The Productivity Commission’s draft report on public infrastructure provide a variety of helpful recommendations to get projects evaluate and deliver on schedule. The report doesn’t go beyond the conclusion public-private partnerships are not a magic bullet. New research shows that private investment can make efficiency gains. However, it is best to look at what happens if the project fails.
Although this may seem counterintuitive, it is because private investors have the ability to seek bankruptcy protection, while governments can’t. This causes a distortion in their behaviour and may lead to inefficiencies. When PPPs are compare to traditional public investments, this issue is often overlook.
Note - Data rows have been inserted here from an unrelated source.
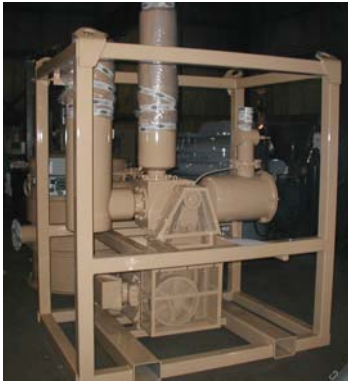
PM Series Power Module (Vertical) Model PM 2400/23, 75 Hp Shown (Shown with crane-lift package)

PM Series Vacuum Systems are versatile, skid-mounted industrial vacuums that combine two components; a skid mounted PM Power Module matched to a BH™ series cyclonic baghouse or alternative collection device. Components are directly connected through rigid and/or flexible pipe. Units can recover most flowable bulk materials and liquids for discharge directly back into the production system or into varied disposal or interim containers. Power modules are offered in electric or diesel power and can be utilized as vacuum producers for stand-alone vacuums or in paired to process equipment or to central piping. Sound levels of under 85 dBA are obtainable on many electric units by adding optional sound attenuation enclosures and premium grade silencers.
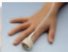
3025 Wrap Sensor (with 3135)
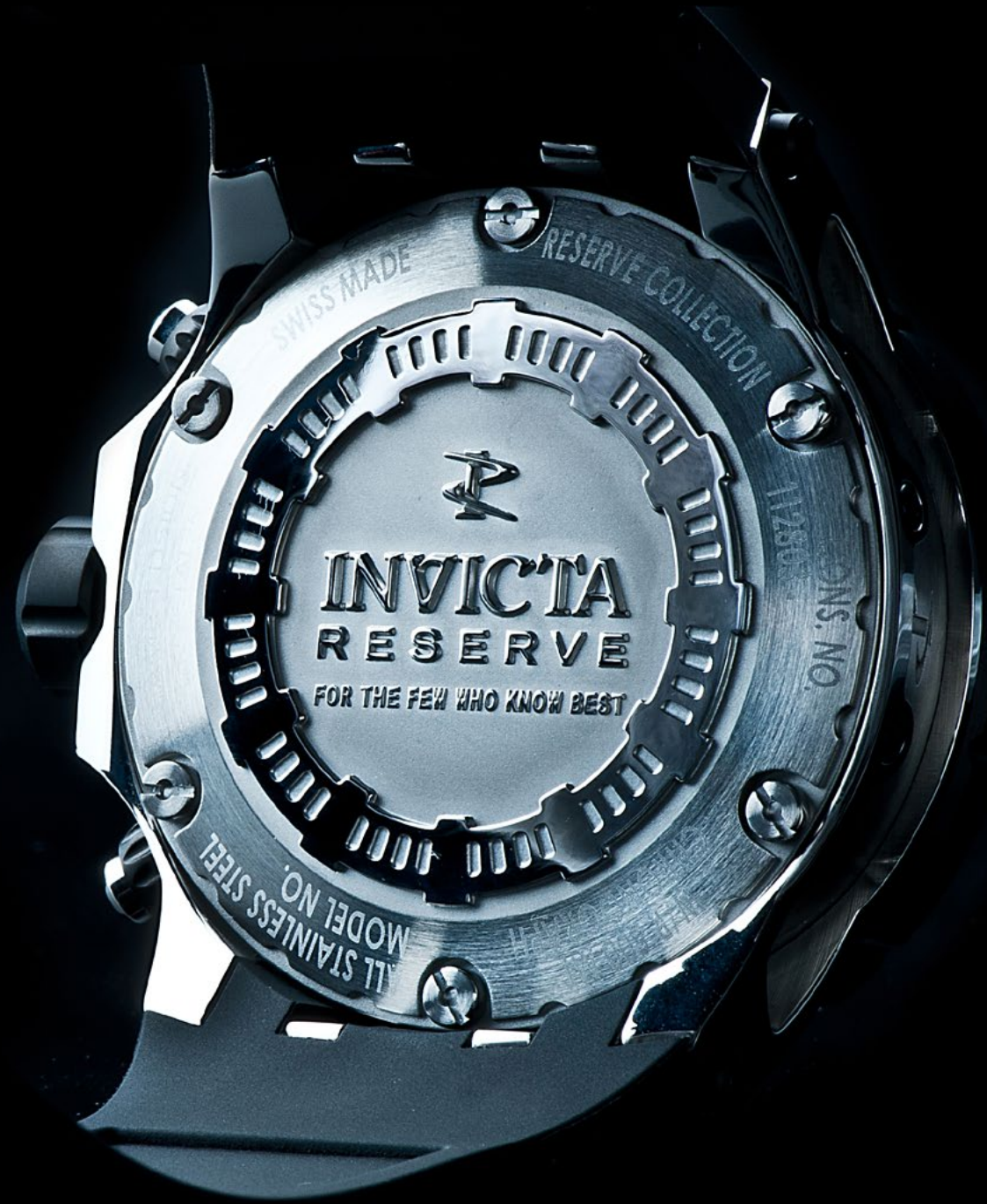
The Invicta Reserve Scuba Swiss Chrono
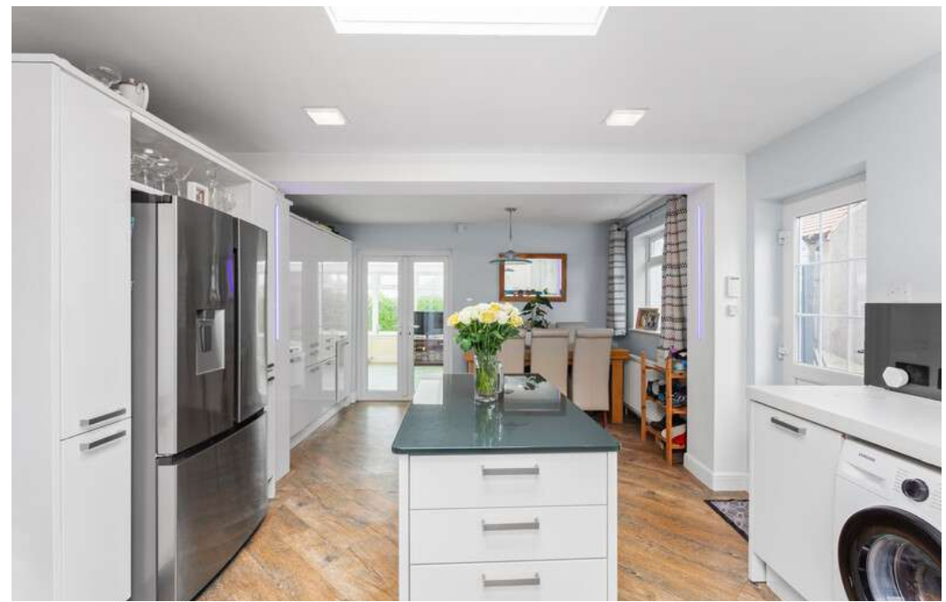
29 Drum Brae South, Corstorphine, Edinburgh, EH12 8DT

Private financing is use often because it is believe that it will provide the appropriate incentives for the private partner to maintain the project’s schedule and budget. This argument stems naturally from similar arguments for fixed-price contracts in conventional projects. For example, a fixed-price contract for construction provides powerful incentives to the contractor to finish on time and within budget. The argument is not valid in the context of PPP.
A PPP is not just a construction project, but a multi-decade agreement to deliver and maintain the infrastructure. We have not explored the consequences of a private partner entering the post construction phase with large debts. What effect will this debt have on performance reliability over the 25-30 year period of a typical concession?
This question was the basis of the two research papers Matthew Ryan and I co-authored. The government has real potential to manipulate the private sector by borrowing large amounts from its partners to pay for construction costs.
Private Public Borrowings
PPPs usually combine construction with ongoing operation and maintenance in a single long-term contract. Private investors are require to raise funds for all phases of construction. Sometimes, the government doesn’t have to pay until the road is complete and meets pre-specify performance standards.
It may take many years before the project can make a profit if it’s fund through the collection of tolls. This model was use in the Cross City Tunnel, Sydney, and the Airport Link and Clem7 Tunnels, Brisbane. All these projects ran into financial difficulties.
It is the idea of transferring the cost and risk to governments to a private partner. However, despite how appealing this may seem, there is no way to transfer the risk. Construction typically privately fund in a PPP. This means that the private partner will have to service significant amounts of debt after the completion of construction.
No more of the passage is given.